59.363 Introduction to Disability Studies Credits: 3

Course Details
Min Credits 3
Max Credits 3
Course ID 6307
Status Active

This course provides students with a wide range of interests and backgrounds with the opportunity to examine their own mental model(attitudes/values/ assumptions) of disability. It includes an overview of the nature of mental retardation and other disabilities and it provides opportunities to explore and understand the historical social response to disability. Students will look at a range of strategies for providing support and intervention and they will learn about how to effect change through a variety of strategies, including advocacy.

Pre/Co-Requisites: Pre-req: 47.101, General Psychology; Student may not enroll if already has credit for 47.363.

59.480 Integrative Fieldwork in Developmental Disabilities I Credits: 3

Course Details
Min Credits 3
Max Credits 3
Course ID 6321
Status Active

This course provides for an in-depth exploration of values, and attitudes of participant.
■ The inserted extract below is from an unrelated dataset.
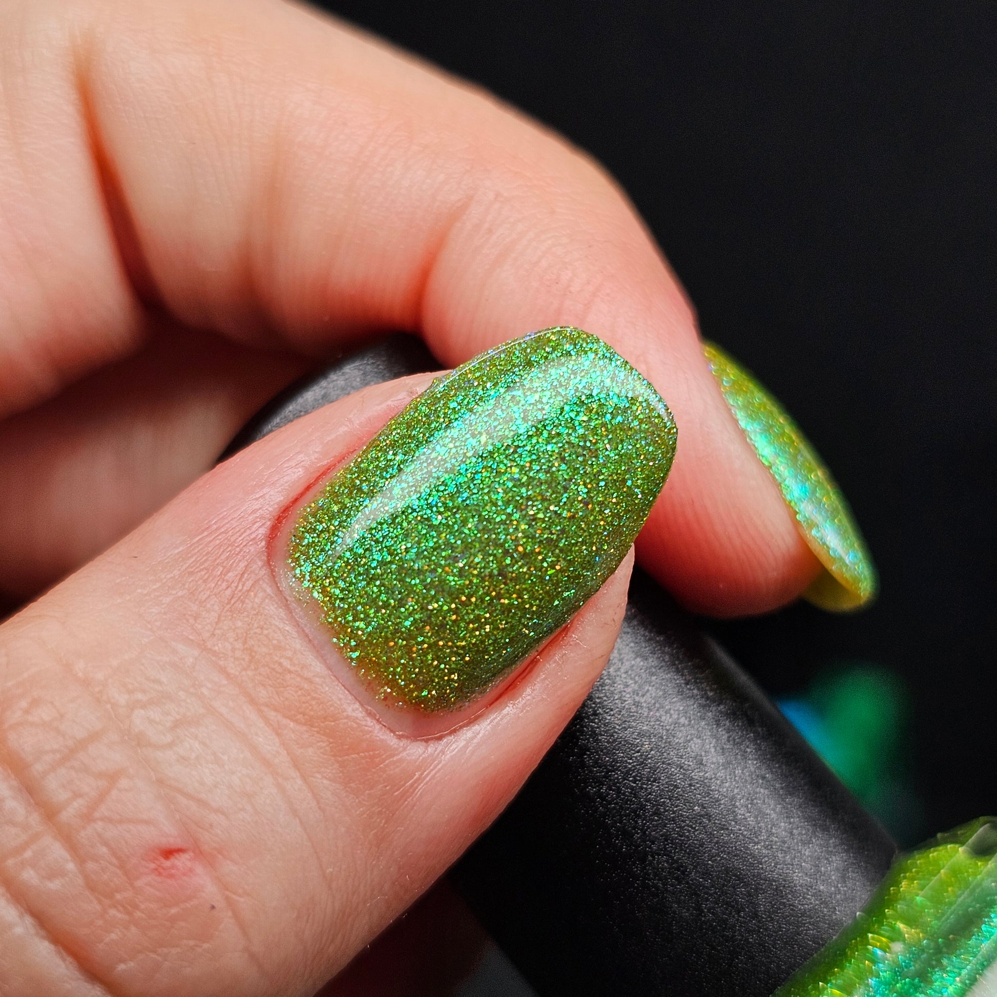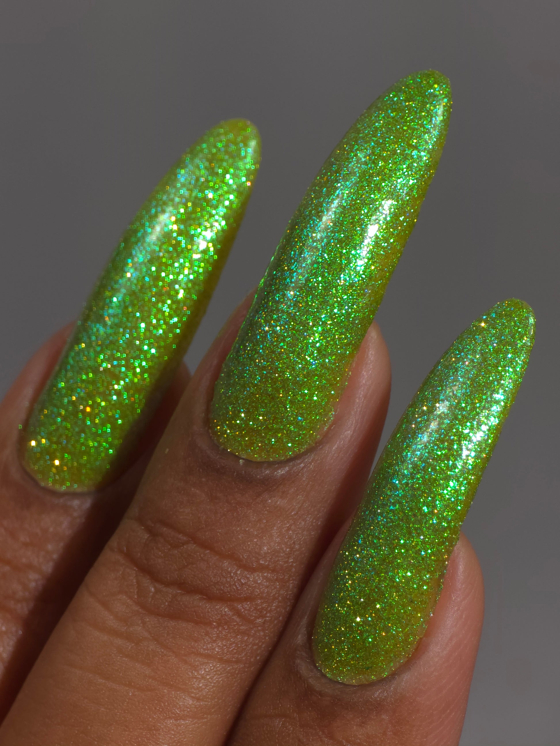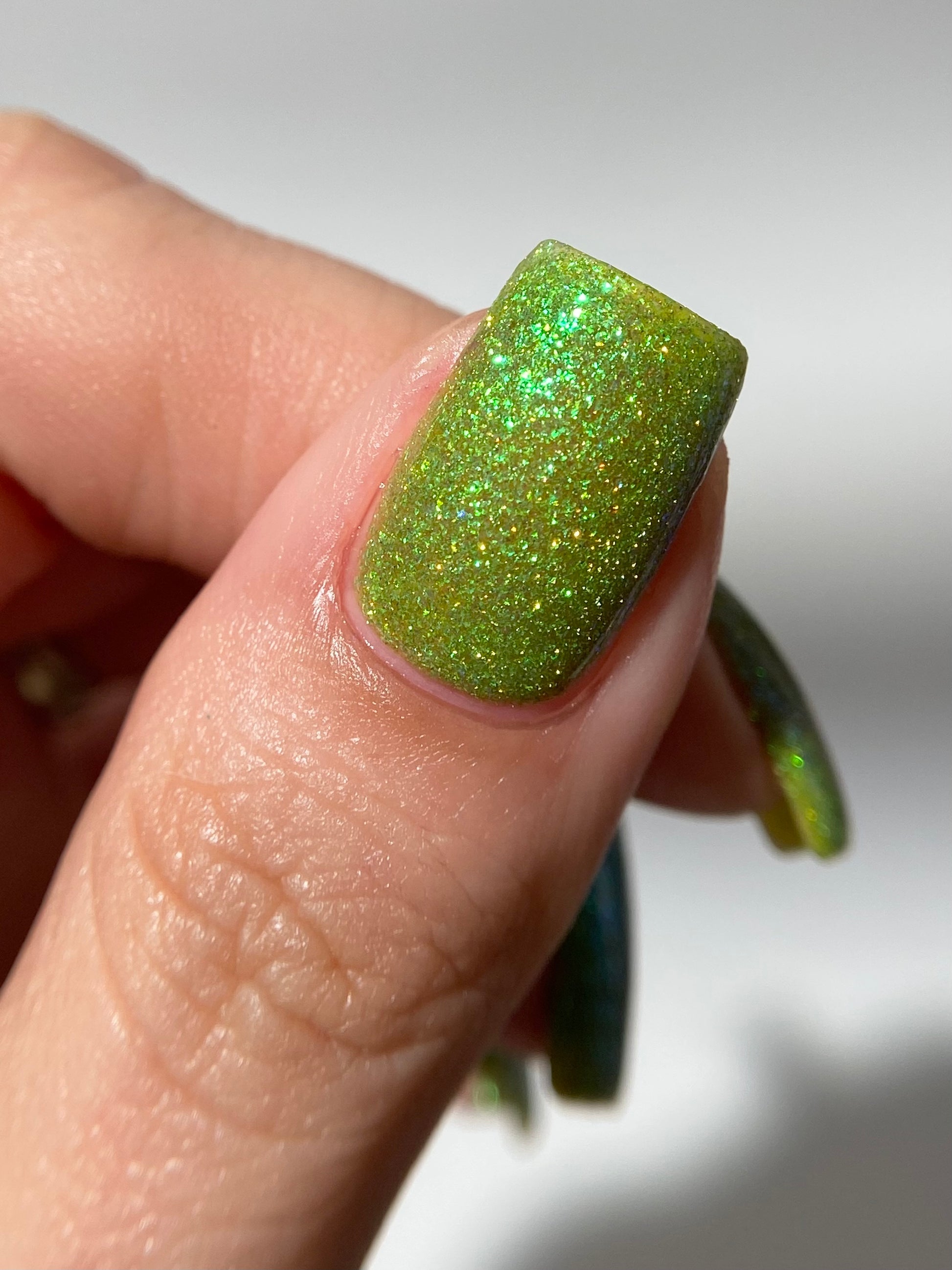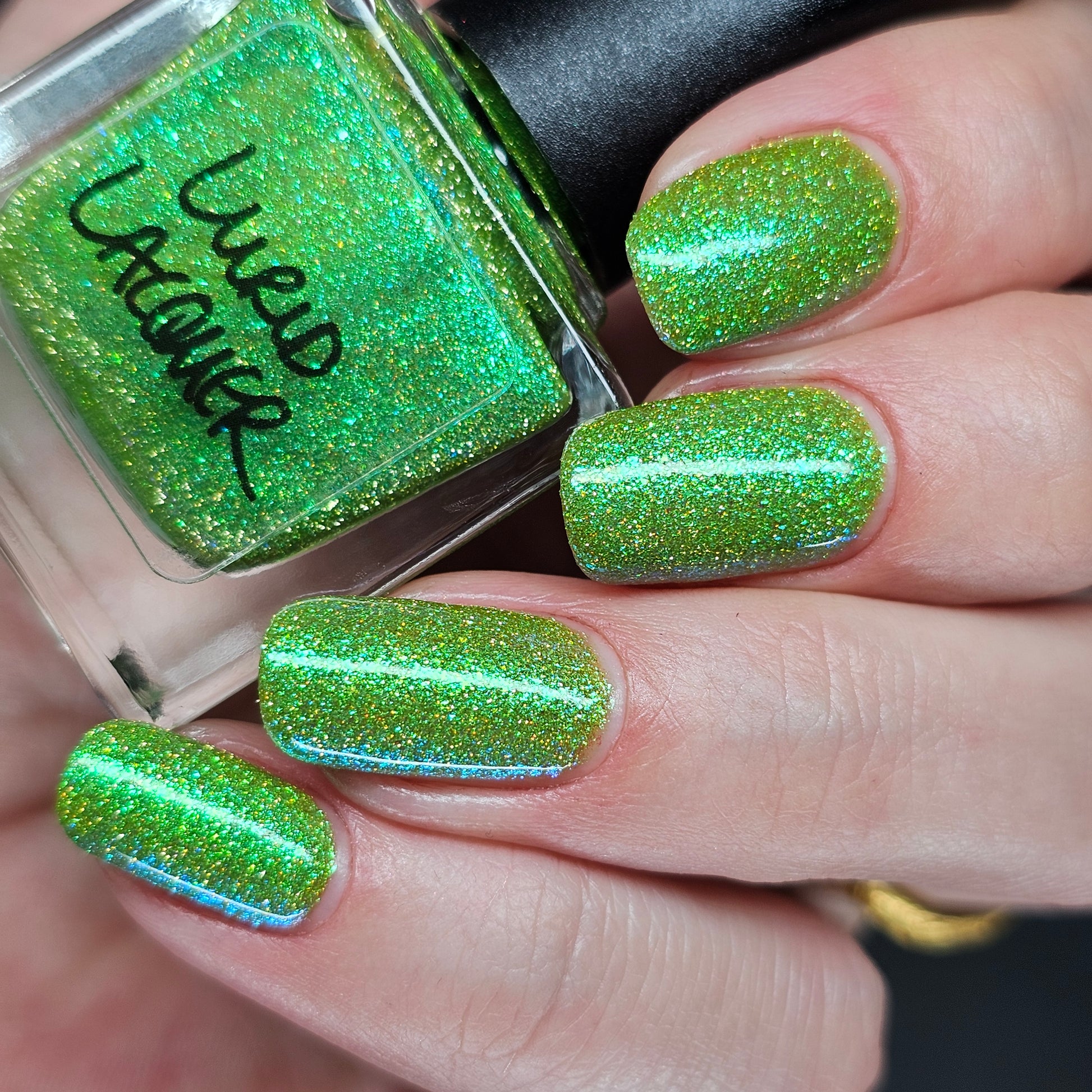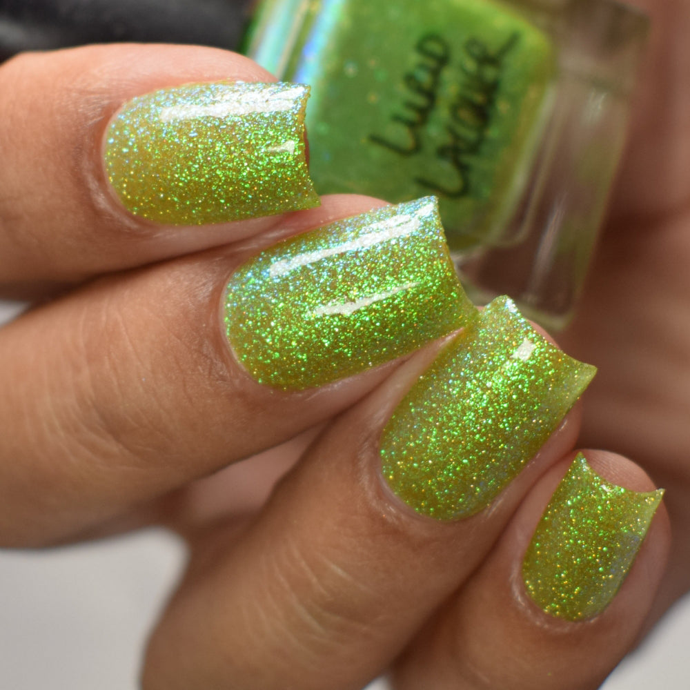 Our swatch photos are intended to give a general impression of the product. Lurid Lacquer polishes are semi-sheer and vary in appearance based on the skin tone and undertone of the person wearing them. We do our best to provide swatches that are both accurate and represent a variety of skin tones and undertones, but screens and monitors vary in how they display images. Our polishes are also handmade in small batches. There may be slight differences across batches. Due to differences in screens/monitors, skin tone/undertone, and batches, the product you receive may not look on you exactly like it does in your favorite swatcher's picture on your screen.

It also offers students the chance to deepen their capacity to identify with people with developmental disabilities and for investigating the reality of disenfranchisement. Finally, it provides a forum for discussion of fieldwork experience and to integrate such experience with what they have learned in their Psychology and related courses. (Field Placement Required)

Pre/Co-Requisites: Pre-req: 47.101, and 47.269, and 47.362, or 47.363 or 59.363.

59.481 Integrative Fieldwork in Developmental Disabilities II Credits: 3

Course Details
Min Credits 3
Max Credits 3
Course ID 6322
Status Active

This course is a continuation of 47.480. The classroom experience accompanies the field placement and provides a critical examination of the nature of community and advocacy in the lives of people with disabilities. Students are provided with a forum to explore personal values and attitudes relative to community and to identify key elements of healthy communities. Strategies for supporting people with disabilities to assume valued, community roles will be identified. (Field Placement Required)

Pre/Co-Requisites: Pre-req: 47.101, and 47.269, and 47.362, or 47.363 or 59.363.